The battle between open and transparent and the walled garden scenario is played out in many ways. One area is the growth of native apps for mobile devices. It is easy to simply see mobile apps as providing new functionality, and opportunities for innovation, with so many people creating apps for every activity you can think of. But what are the implications of a scenario where you have to enter a ‘silo’ environment in order to do anything, from finding your way to a location to converting measurements from one unit to another, to reading the local news reports? Tim Berners-Lee sees this as one of the main threats to the principle of the Web as a platform with the potential to connect data.
Should we be promoting the open Web? Surely as information professionals we should. This does not mean that there is an imperative to make everything open – we are all aware of the Data Protection Act and there are a whole range of very valid reasons to withhold information. But it is increasingly apparent that we need to be explicit in applying permissions – whether it be explicitly fully open licences, attribution licences or closure periods. Many of the archives described on the Archives Hub have ‘open for consultation’ under Access Conditions. But what does this really mean? What can people really do with the content? Is the content actually ‘open for reuse in any way the end-user deems useful to them’? And specifically, what can they do with digital content, available on the World Wide Web?
We need to be aware of the open data agenda and the threats and opportunities presented to us. We have the same kind of tensions within our own world in terms of what we need to protect, both for preservation reasons and for reasons of IPR and commercial advantage, but we want to make archives as open and available as possible and we need to understand what this means in the context of the digital, online world.
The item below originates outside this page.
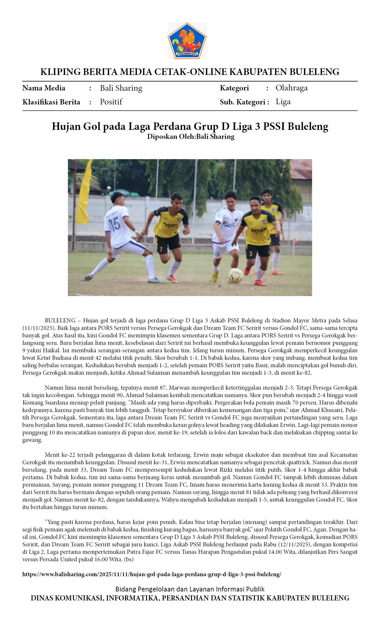 HUJAN GOL PADA LAGA PERDANA GRUP D LIGA 3 PSSI BULELENG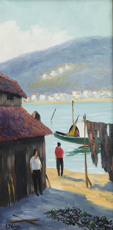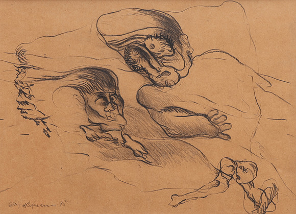 3087469. LARS LARSSON. Oil on uplifted canvas, figural composition, signed and dated -74.

The question is, whether we want to encourage innovation, what Zittrain calls a ‘generative’ approach. This means enabling programmers to take hold of what you can provide and working with it, as well as encouraging reuse by end users. But it also means taking a risk with security, because making things open inevitably makes them more open to abuse.
People’s experiences with the Internet are shaped by the devices they use to access it. And, similarly, their experiences of archives are shaped by the ways that we choose to enable access. In the same way that a revolution started when computers were made available that could potentially run software that was not available at the time they were built, so we should think about enabling innovation with our data that we may not envisage at present, not trying to determine user behaviour but relishing the idea of the unknown. This raises the question of whether we facilitate this by simply putting the data out as it is, even if it is somewhat unstructured, making it as open as possible, or whether we should try to clean up data, and make it more rigorous, more consistent and more structured, with the purpose of facilitating flexible use of the data, enabling people to use and present it in other ways. But maybe that is another story…
In a way, the early development of the Internet has been an unexpected journey. Innovation has been encouraged because a group of computer scientists did not want to control or to ensure maximum commercial success. It was an altruistic approach; and it may not have turned out that way. Maybe the PC was an unlikely success story in business, where a stable, supported, predictable solution might have been favoured, where companies did not need skills in-house. Both Microsoft and Apple made their computers’ operating systems open for third-party software development, so even if there was a sense of monopoly, there was still a basic ethos of anyone being able to write for the PC.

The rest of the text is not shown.